▶ [RECORDS FOR THE TASK]
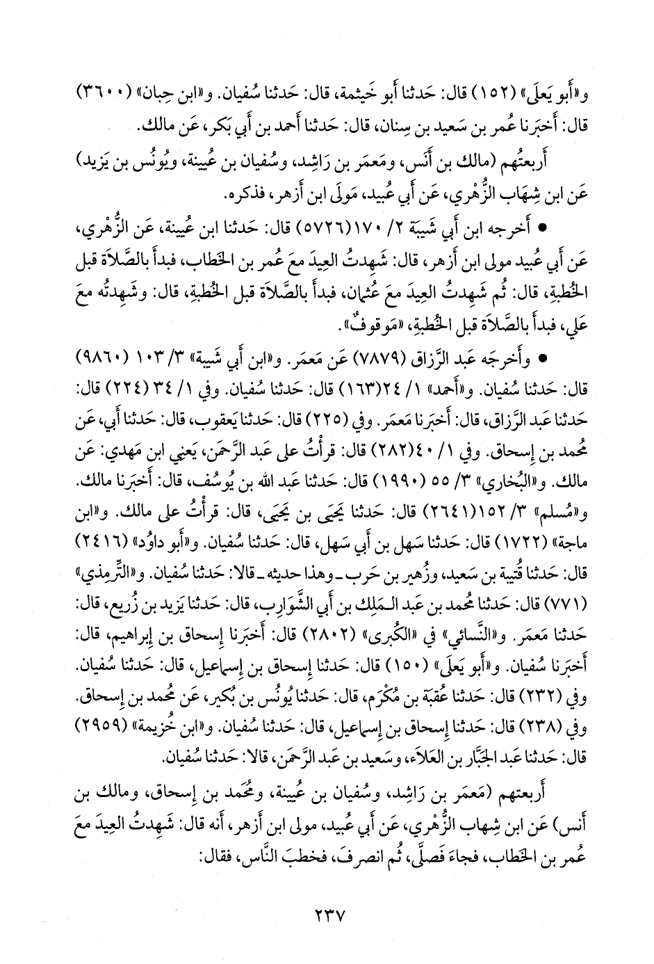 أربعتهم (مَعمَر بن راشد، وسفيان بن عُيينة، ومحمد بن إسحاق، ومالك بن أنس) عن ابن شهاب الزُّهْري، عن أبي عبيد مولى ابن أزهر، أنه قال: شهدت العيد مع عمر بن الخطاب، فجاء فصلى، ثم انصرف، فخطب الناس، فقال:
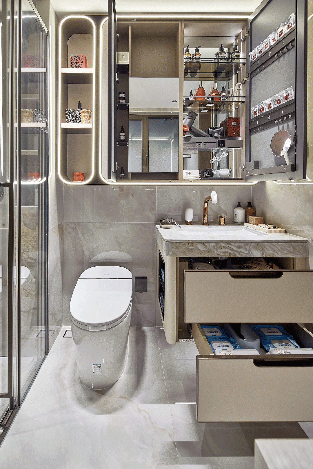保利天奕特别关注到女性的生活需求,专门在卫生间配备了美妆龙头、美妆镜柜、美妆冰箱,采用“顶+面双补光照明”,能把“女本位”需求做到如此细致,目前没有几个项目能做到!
* * *
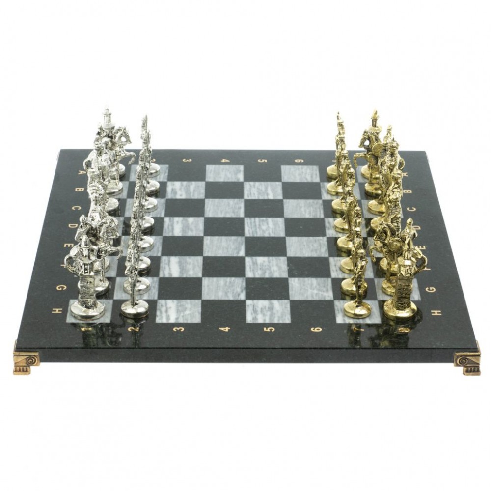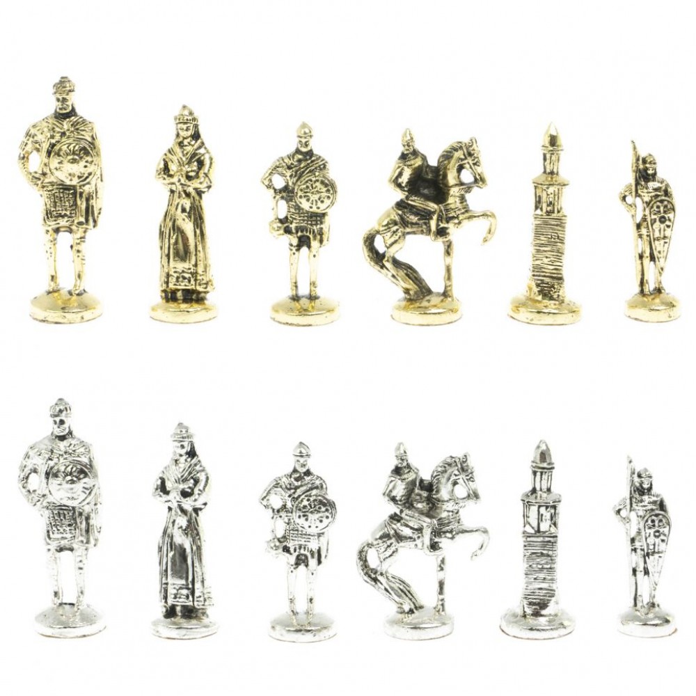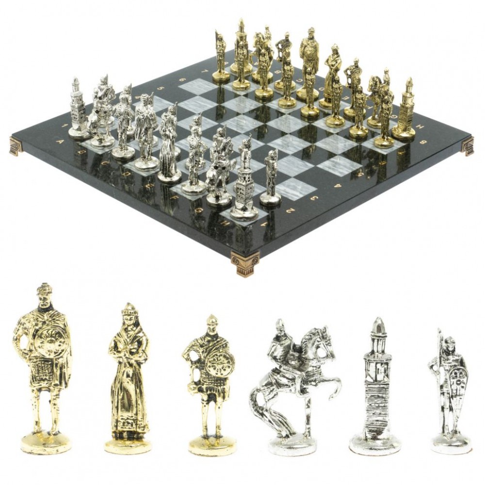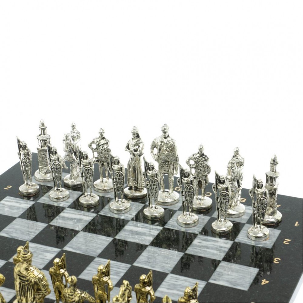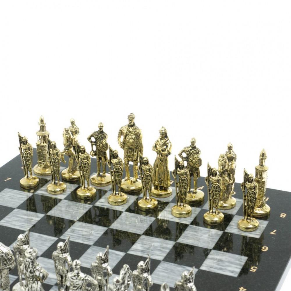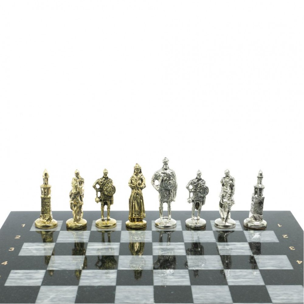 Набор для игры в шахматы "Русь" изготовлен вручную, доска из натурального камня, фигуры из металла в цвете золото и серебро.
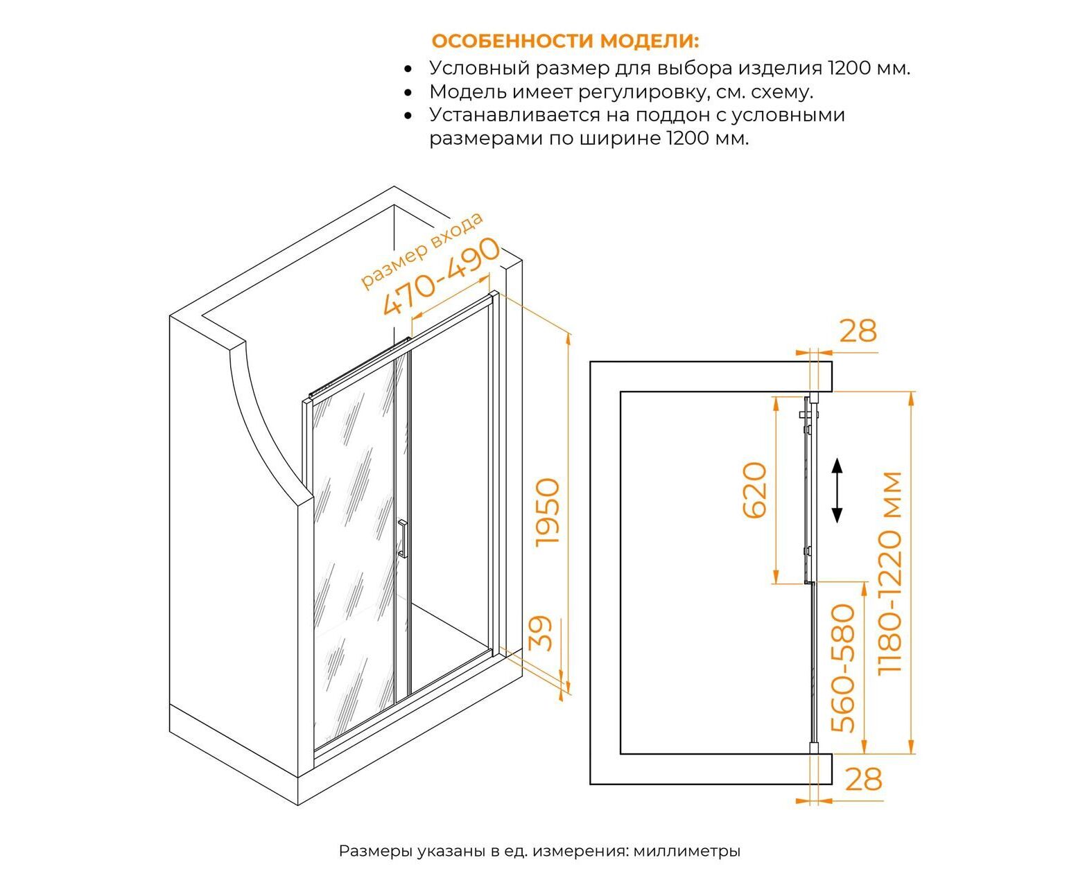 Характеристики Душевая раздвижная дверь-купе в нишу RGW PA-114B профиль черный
---
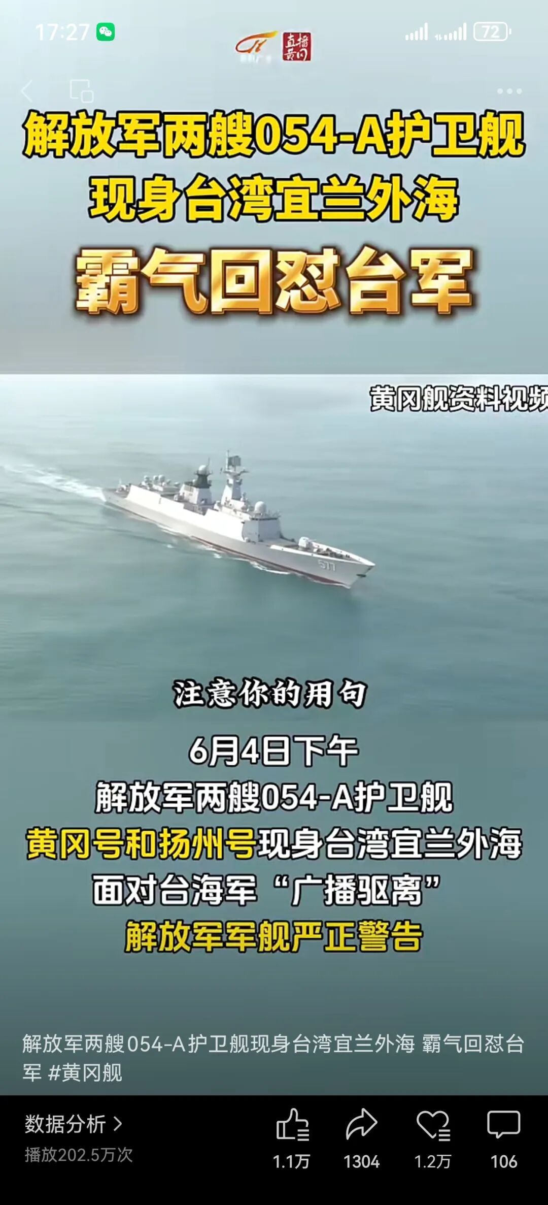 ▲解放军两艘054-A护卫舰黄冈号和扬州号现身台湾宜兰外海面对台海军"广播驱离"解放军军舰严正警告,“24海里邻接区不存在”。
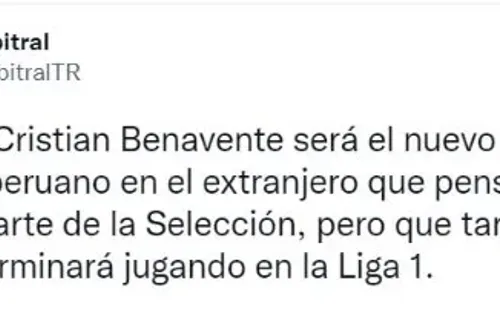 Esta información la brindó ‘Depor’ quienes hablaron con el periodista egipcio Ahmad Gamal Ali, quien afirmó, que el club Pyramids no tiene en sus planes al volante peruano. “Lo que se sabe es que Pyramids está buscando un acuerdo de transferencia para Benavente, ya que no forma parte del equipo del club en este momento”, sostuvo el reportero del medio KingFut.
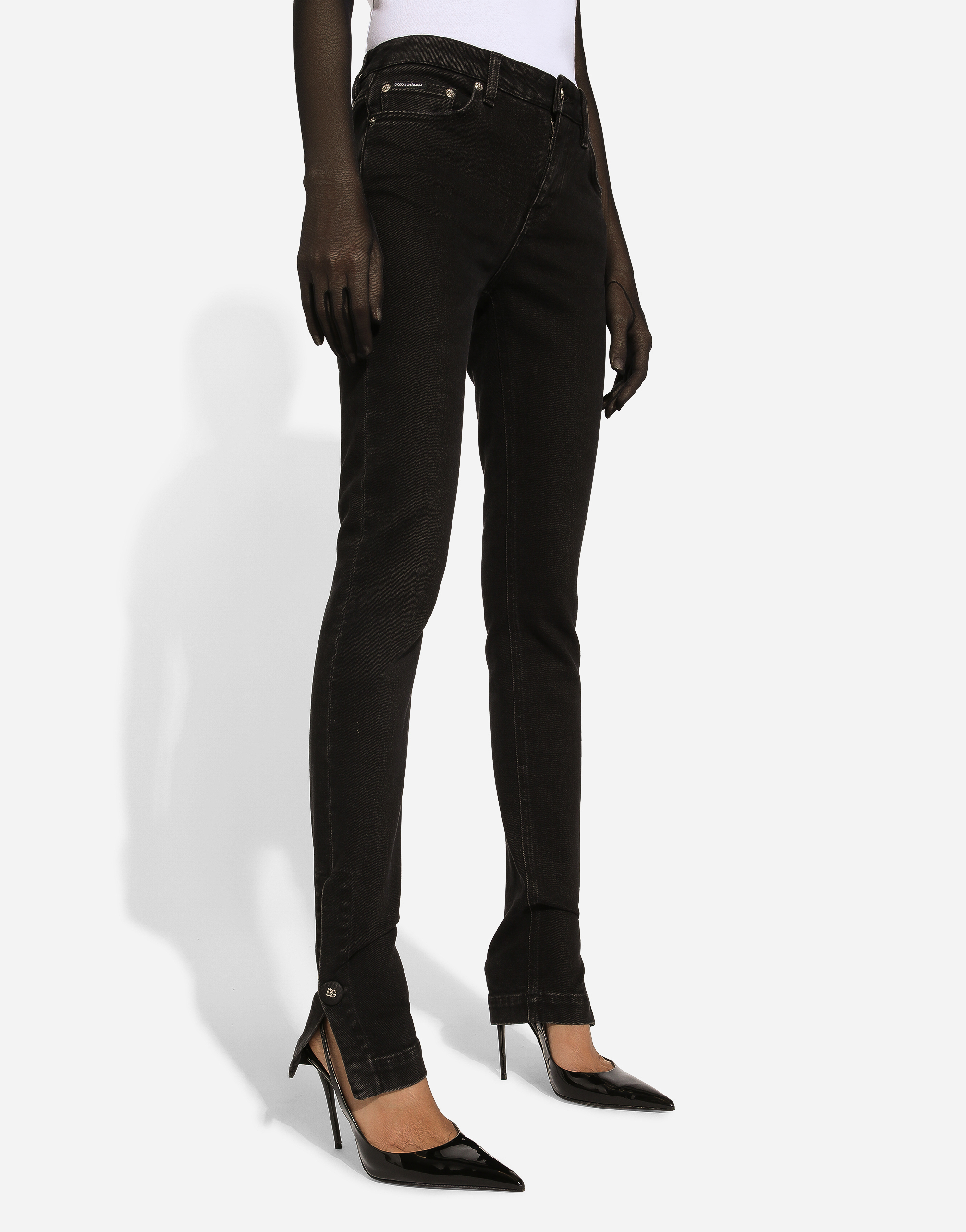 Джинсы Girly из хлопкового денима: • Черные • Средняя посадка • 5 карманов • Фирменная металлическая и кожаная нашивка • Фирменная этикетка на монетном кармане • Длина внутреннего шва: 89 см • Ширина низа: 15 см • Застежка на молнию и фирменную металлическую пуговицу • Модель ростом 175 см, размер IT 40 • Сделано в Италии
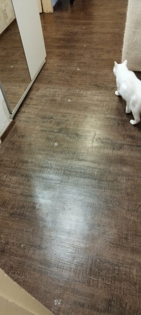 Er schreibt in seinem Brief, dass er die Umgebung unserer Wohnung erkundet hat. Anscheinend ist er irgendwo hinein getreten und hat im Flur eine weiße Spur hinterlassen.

▶ [DESCRIPTION OF THE TASK] I'd like the lines above repeated exactly, from the one that contains "أربعتهم (مَعمَر بن" through the one that contains "保利天奕特别关注到女性的生活", with no pictures.

▶ [ANSWER BELOW]
 أربعتهم (مَعمَر بن راشد، وسفيان بن عُيينة، ومحمد بن إسحاق، ومالك بن أنس) عن ابن شهاب الزُّهْري، عن أبي عبيد مولى ابن أزهر، أنه قال: شهدت العيد مع عمر بن الخطاب، فجاء فصلى، ثم انصرف، فخطب الناس، فقال:
保利天奕特别关注到女性的生活需求,专门在卫生间配备了美妆龙头、美妆镜柜、美妆冰箱,采用“顶+面双补光照明”,能把“女本位”需求做到如此细致,目前没有几个项目能做到!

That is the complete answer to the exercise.